Apart from the pictures, the listing is to be returned exactly.

→ **Dataset extract**:
<<<<
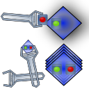 This features a collection of various mechanical and electronic components, including two blue squares with green lights in the center. These squares are surrounded by other smaller objects that appear to be part of an assembly or construction process. There is also a wrench present in the scene, which could potentially be used for tightening or loosening screws during the assembly process. The overall composition suggests a creative and technical environment focused on constructing or repairing electronic devices.
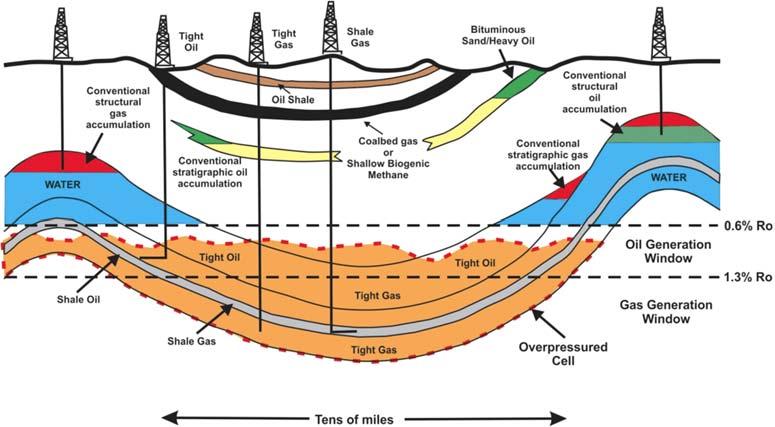 Figure1.5 Schematicofconventionalandunconventional(shale,coalbedmethane,oilshale) hydrocarbonaccumulations(SonnenbergandMeckel,2017).
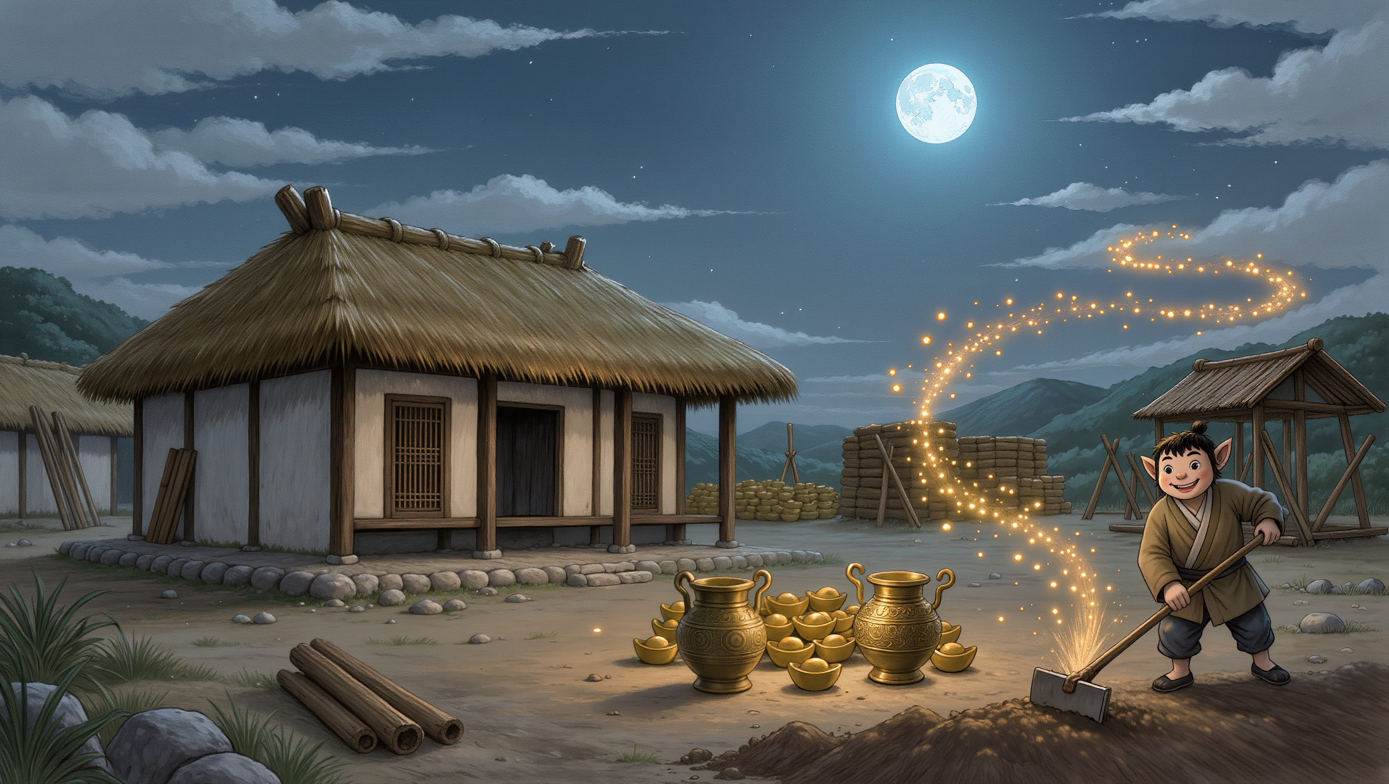 도깨비가 자세히 설명을 이어갔습니다. "제가 가져오는 것들은 모두 버려지거나 잃어버린 것들입니다. 사람들이 실수로 길에 떨어뜨린 곡식 자루, 홍수에 떠내려가다 강가에 걸린 나무, 오래전에 주인을 잃어 땅속에 묻혀 있던 돈 같은 것들입니다. 도깨비는 그런 것들이 어디 있는지 알 수 있는 능력이 있습니다. 저는 그것들을 찾아 모아 나리께 드리는 것입니다. 만약 주인이 있는 것이라면, 혹은 누군가 다시 찾으러 올 것 같은 것이라면 절대 손대지 않습니다." 김진사는 비로소 완전히 안심했습니다. 그리고 더욱 도깨비를 신뢰하게 되었습니다. 이 도깨비는 힘만 센 것이 아니라 마음씨까지 바른 존재였던 것입니다.
>>>>
→ **Solved problem**:
 This features a collection of various mechanical and electronic components, including two blue squares with green lights in the center. These squares are surrounded by other smaller objects that appear to be part of an assembly or construction process. There is also a wrench present in the scene, which could potentially be used for tightening or loosening screws during the assembly process. The overall composition suggests a creative and technical environment focused on constructing or repairing electronic devices.
 Figure1.5 Schematicofconventionalandunconventional(shale,coalbedmethane,oilshale) hydrocarbonaccumulations(SonnenbergandMeckel,2017).
 도깨비가 자세히 설명을 이어갔습니다. "제가 가져오는 것들은 모두 버려지거나 잃어버린 것들입니다. 사람들이 실수로 길에 떨어뜨린 곡식 자루, 홍수에 떠내려가다 강가에 걸린 나무, 오래전에 주인을 잃어 땅속에 묻혀 있던 돈 같은 것들입니다. 도깨비는 그런 것들이 어디 있는지 알 수 있는 능력이 있습니다. 저는 그것들을 찾아 모아 나리께 드리는 것입니다. 만약 주인이 있는 것이라면, 혹은 누군가 다시 찾으러 올 것 같은 것이라면 절대 손대지 않습니다." 김진사는 비로소 완전히 안심했습니다. 그리고 더욱 도깨비를 신뢰하게 되었습니다. 이 도깨비는 힘만 센 것이 아니라 마음씨까지 바른 존재였던 것입니다.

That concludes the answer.